▸ **AIM OF THE TASK**
Under this line are the records; repeat exactly the lines starting at the one containing "- Obverse: Head" and ending at the one containing "參訪伊始,充滿科技感的展示大", omitting pictures.

▸ **EXERCISE MATERIAL**
----------------------------------------

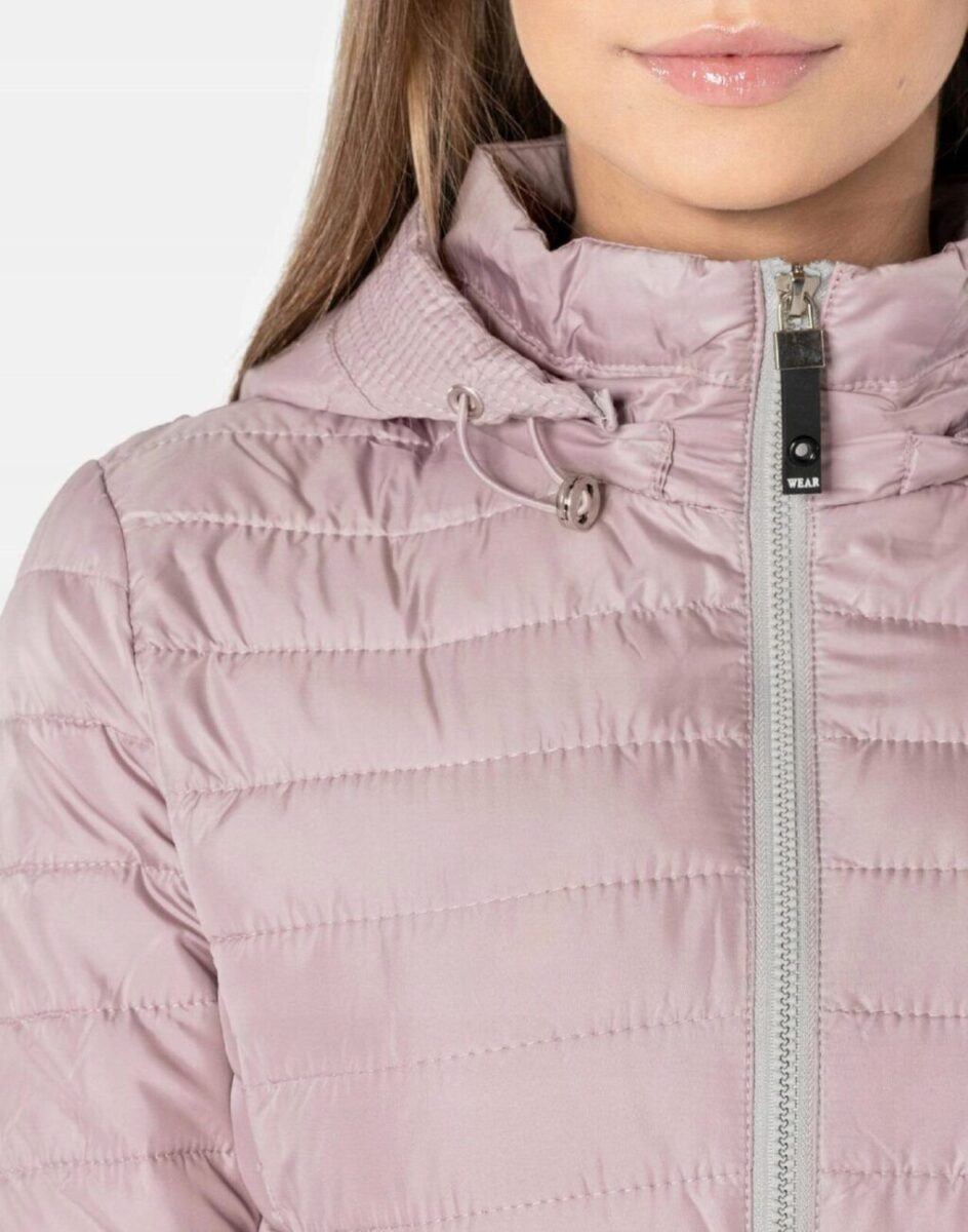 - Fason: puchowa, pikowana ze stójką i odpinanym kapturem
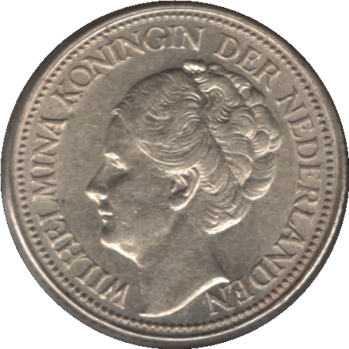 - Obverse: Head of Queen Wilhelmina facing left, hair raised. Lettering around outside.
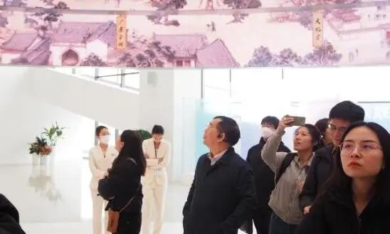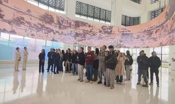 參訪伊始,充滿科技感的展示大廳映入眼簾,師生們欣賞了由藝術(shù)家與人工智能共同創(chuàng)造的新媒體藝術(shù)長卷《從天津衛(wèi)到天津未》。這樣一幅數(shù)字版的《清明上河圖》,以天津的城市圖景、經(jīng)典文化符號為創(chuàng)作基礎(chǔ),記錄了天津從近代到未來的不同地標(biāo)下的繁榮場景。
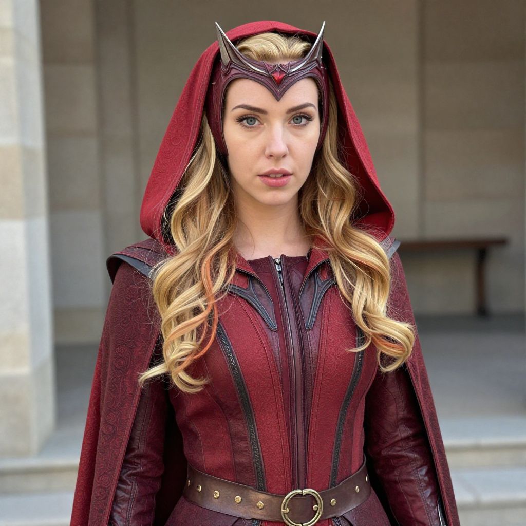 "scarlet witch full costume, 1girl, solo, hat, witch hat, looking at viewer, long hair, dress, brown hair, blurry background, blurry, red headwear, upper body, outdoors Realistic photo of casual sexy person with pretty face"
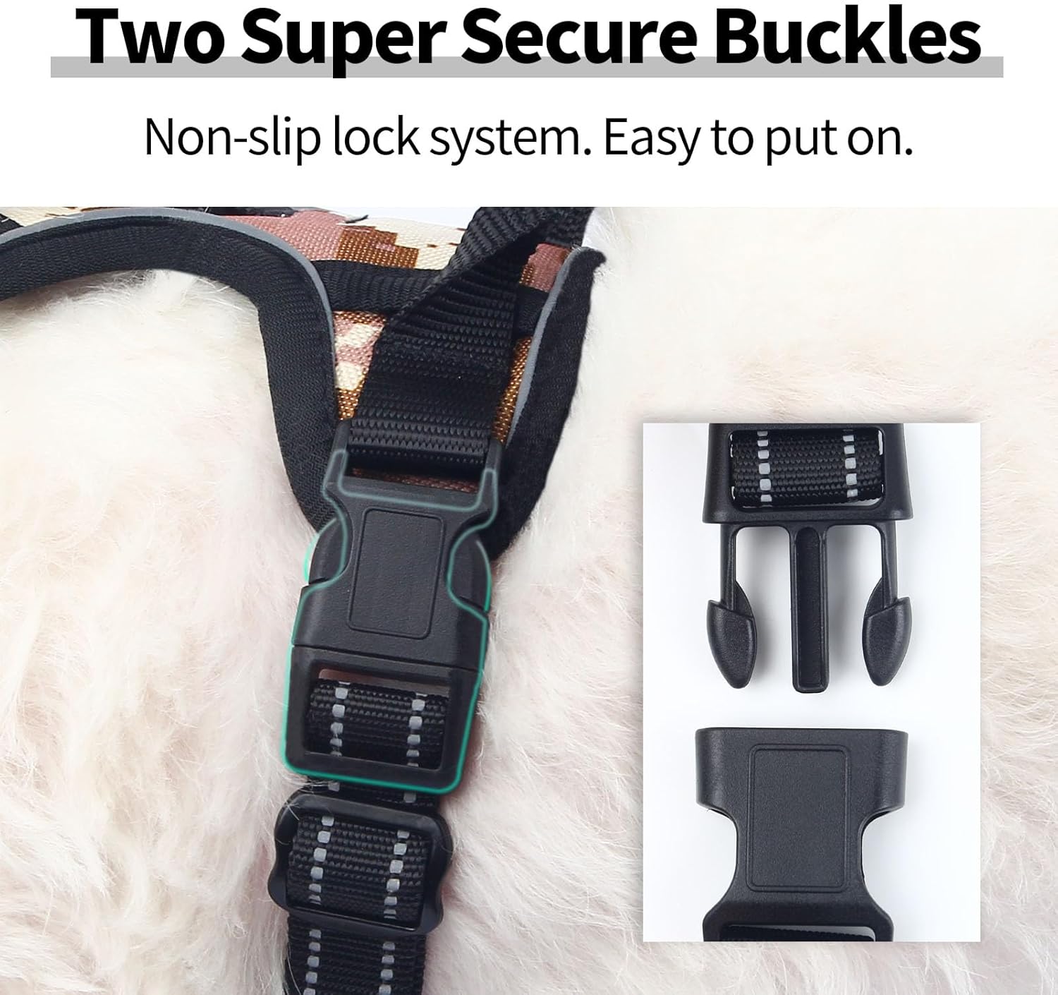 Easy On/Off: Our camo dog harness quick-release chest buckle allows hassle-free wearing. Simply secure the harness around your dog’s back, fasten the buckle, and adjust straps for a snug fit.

----------------------------------------

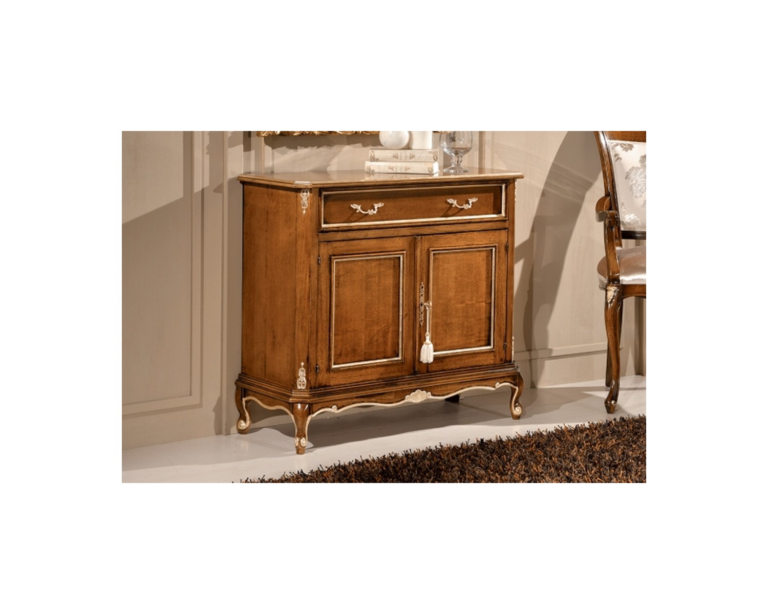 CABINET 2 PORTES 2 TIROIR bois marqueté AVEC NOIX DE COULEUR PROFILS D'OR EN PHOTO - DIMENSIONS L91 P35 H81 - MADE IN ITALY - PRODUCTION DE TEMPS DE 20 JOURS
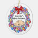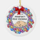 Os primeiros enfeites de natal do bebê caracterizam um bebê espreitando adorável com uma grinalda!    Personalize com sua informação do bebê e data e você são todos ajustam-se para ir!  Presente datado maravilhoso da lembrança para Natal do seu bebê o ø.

----------------------------------------

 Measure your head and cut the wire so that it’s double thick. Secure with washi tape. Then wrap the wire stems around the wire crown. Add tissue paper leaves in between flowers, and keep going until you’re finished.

----------------------------------------

▸ **TASK ANSWER**
 - Obverse: Head of Queen Wilhelmina facing left, hair raised. Lettering around outside.
 參訪伊始,充滿科技感的展示大廳映入眼簾,師生們欣賞了由藝術(shù)家與人工智能共同創(chuàng)造的新媒體藝術(shù)長卷《從天津衛(wèi)到天津未》。這樣一幅數(shù)字版的《清明上河圖》,以天津的城市圖景、經(jīng)典文化符號為創(chuàng)作基礎(chǔ),記錄了天津從近代到未來的不同地標(biāo)下的繁榮場景。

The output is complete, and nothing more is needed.